Tra i destinatari del provvedimento anche Sebastiano Ercolano, 20 anni, appartenente alla storica famiglia ‘Santapaola Ercolano”, che sarebbe stato uno degli ideatori e organizzatori dell’omicidio bloccato dai militari dell’Arma. Il gip ha disposto la custodia cautelare in carcere per tutti gli indagati. I fermati sono Salvatore Assinnata, nato a Catania il 15.09.1972; Giuseppe Cultraro, nato a Catania il 7.4.1980; Sebastiano Ercolano, nato a Catania il 10.4.2003; Davide Enrico Finocchiaro, nato a Catania il 7.11.1985; Salvatore Finocchiaro nato a Catania il 10.3.1975; Salvatore Pietro Gagliano, nato a Catania il 3.8.1997; Salvatore Poidomani, nato a Catania il 16.8.1971; Antonino Razza, nato a Catania il 4.3.1988; Samuele Romeo, nato a Paternò il 14.3.1999. Dalle indagini è emerso che il delitto era la ‘risposta’ alla sparatoria della sera del 21 ottobre 2023 nel quartiere San Cristoforo, quando Pietro Salvatore Gagliano, 26 anni, indicato come appartenente al clan Cappello-Bonaccorsi, avrebbe esploso quattro colpi di arma da fuoco contro appartenenti alla famiglia di “Cosa Nostra”. Due degli obiettivi, rimasti illesi, avrebbero deciso di vendicarsi, nonostante indicazioni di segno contrario provenienti da altri esponenti della stessa cosca.
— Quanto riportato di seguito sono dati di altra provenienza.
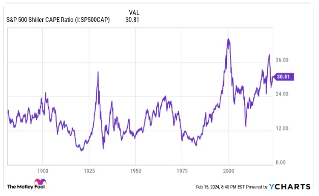 换言之,标普500指数的席勒市盈率有着完美的记录,即如果该指标超过30倍,基准指数将至少下跌20%。2023年11月至今,截至2024年2月15日收盘,席勒市盈率为33.85倍。

Secondo quanto emerso dalle indagini, Sebastiano Ercolano, “per lavare l’onta subita e riaffermare la ‘credibilità’ della famiglia di Cosa Nostra etnea”, avrebbe “ideato e organizzato” l’omicidio effettuando anche “un sopralluogo nel luogo dove si nascondeva Gagliano” per “valutare in prima persona il miglior modus operandi che avrebbe garantito agli esecutori materiali” di poterlo “uccidere, fuggire, eliminare tracce di residui di arma da sparo e quindi recarsi in un locale notturno in modo da precostituirsi un alibi”. Al centro dell’inchiesta coordinata dalla Procura Distrettuale le indagini, con intercettazioni, condotte dai Carabinieri del nucleo Investigativo del comando provinciale di Catania e avviate nel maggio dello scorso anno. Durante il periodo delle investigazioni i militari dell’Arma hanno sequestrato armi, munizioni e sei chilogrammi di marijuana e un chilogrammo di cocaina.